Without exaggeration, this book has radically changed the lives of many, many readers. Following the traditions of Indian philosophy, it sets out a paradigm of layered reality. Our physical world is only the lowest, most crude layer of existence. Above it—and far more diverse—there is the subtle world; and even higher, richer and more varied still, is the transcendent, spiritual, eternal realm. And whoever has felt the higher world experiences such bliss that attachment to its pale physical reflection disappears.
Not only yogis and hermits, but all ancient Indian culture was soaked in this feeling of the cosmos—limitless and vast. Up to our time, this feeling has survived only in a few ancient traditions and in selected teachers and thinkers. To them we can with full right refer Srila Sridhara Maharaj.

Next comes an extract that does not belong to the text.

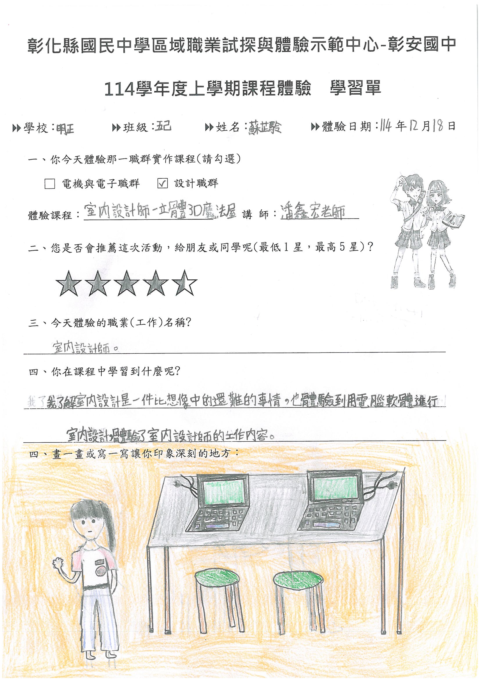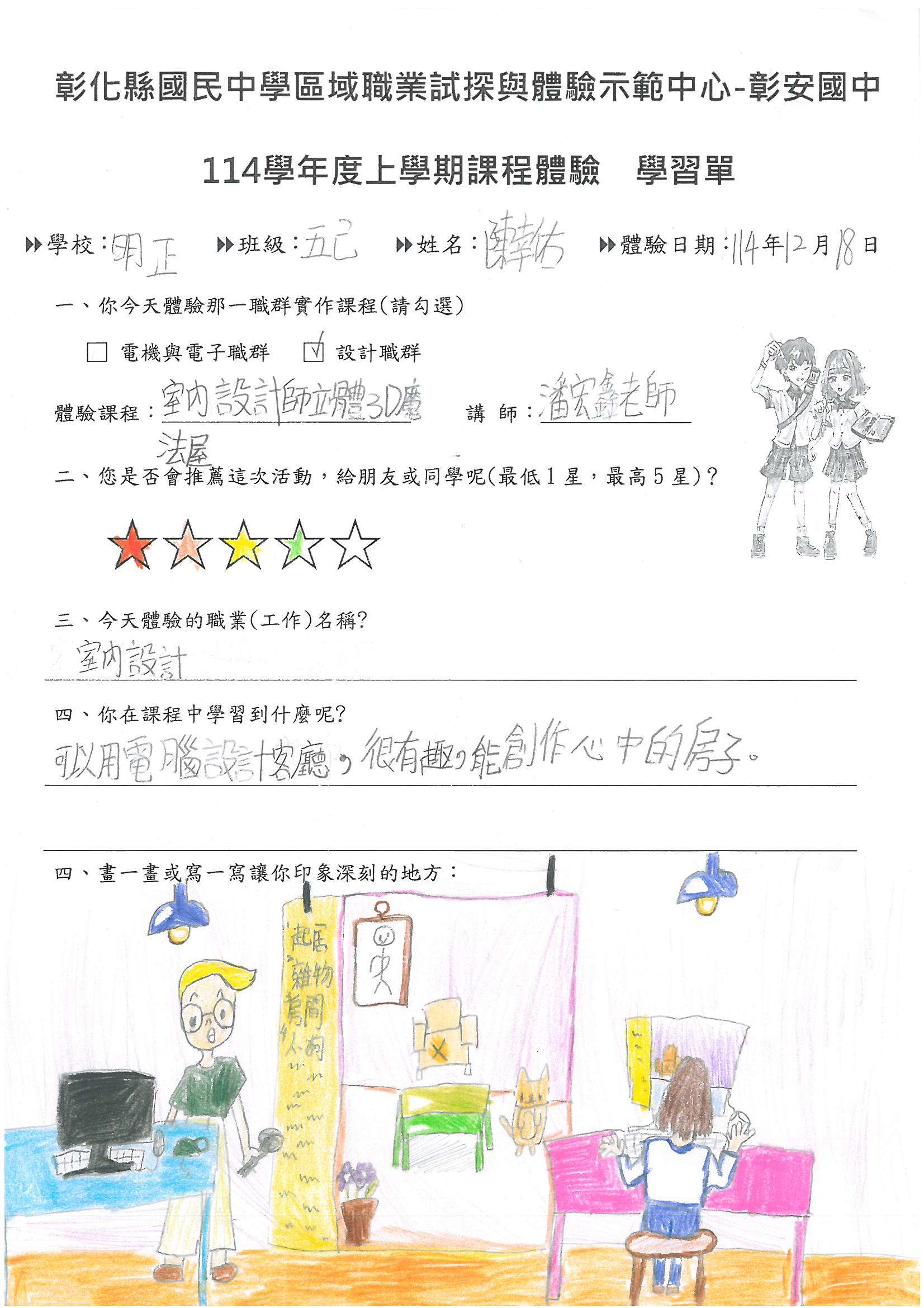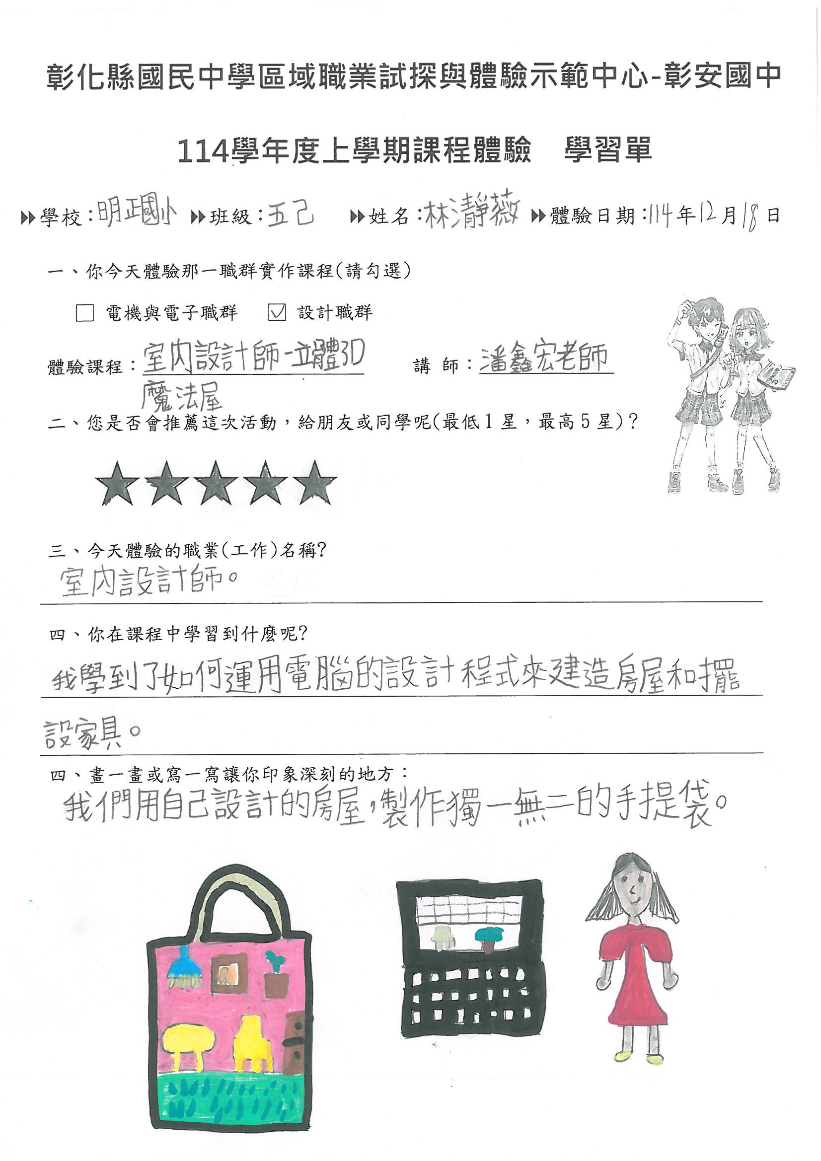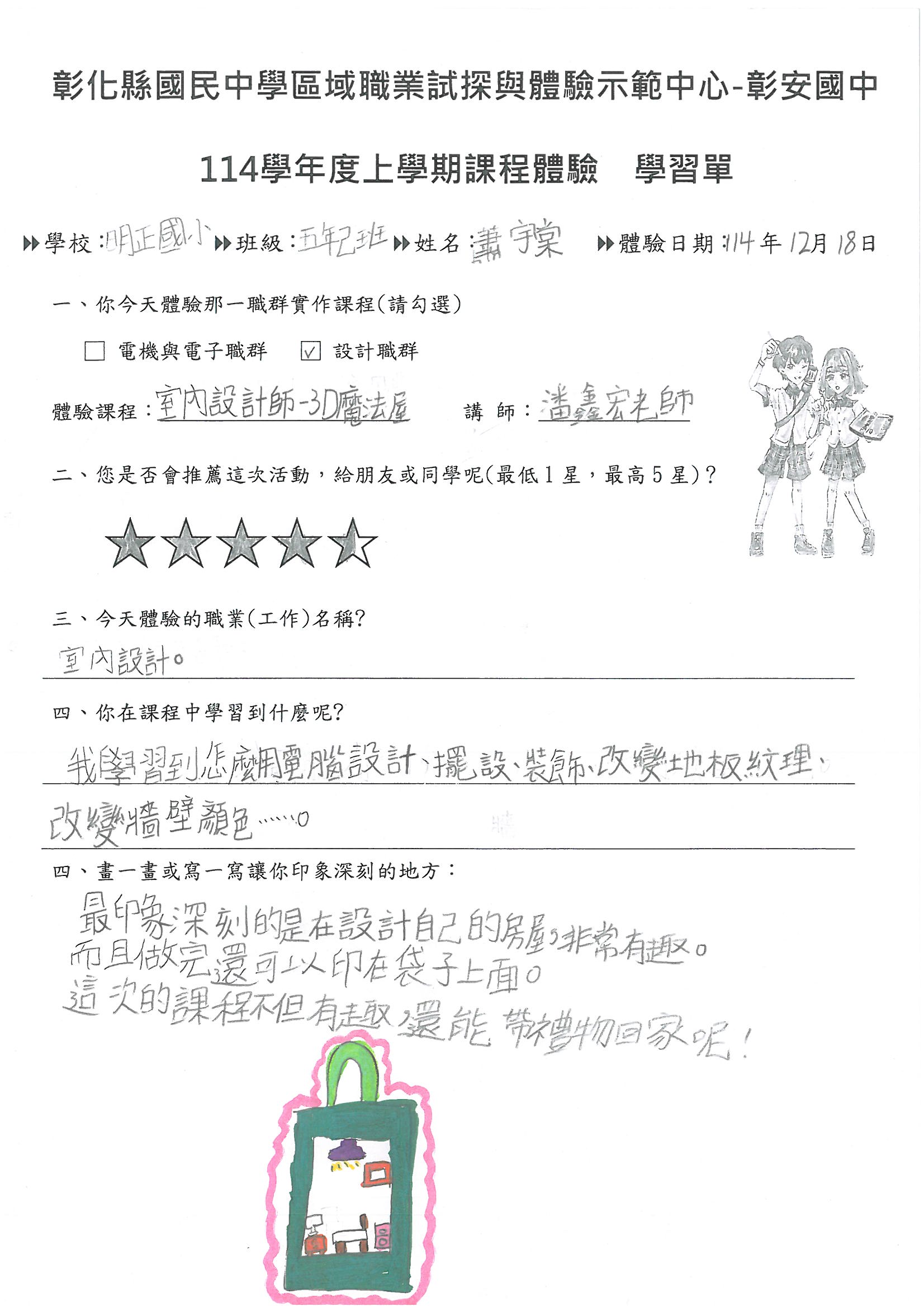 講師講解得很詳細,有的孩子覺得室內設計是一件比想像中還難的事,也體驗到用電腦軟體進行室內設計,最後還把自己的作品製作成獨一無二的小提袋上,孩子非常的開心。

Mention of evolution in the title is no accident. But here evolutionary teaching receives a much broader interpretation—not merely as development of certain forms of material objects, but as a principle of being itself. This great twentieth-century Indian thinker asserts that true evolution is the transformation of consciousness—which by its nature is subjective. By considering and comparing various philosophical teachings about evolution, Sridhara Maharaj shows that consciousness is the primary reality, and that the subjective world is more real than the objective one. He leads the reader through different stages of subjective evolution of consciousness, drawing on not only extensive knowledge, but also profound spiritual experience.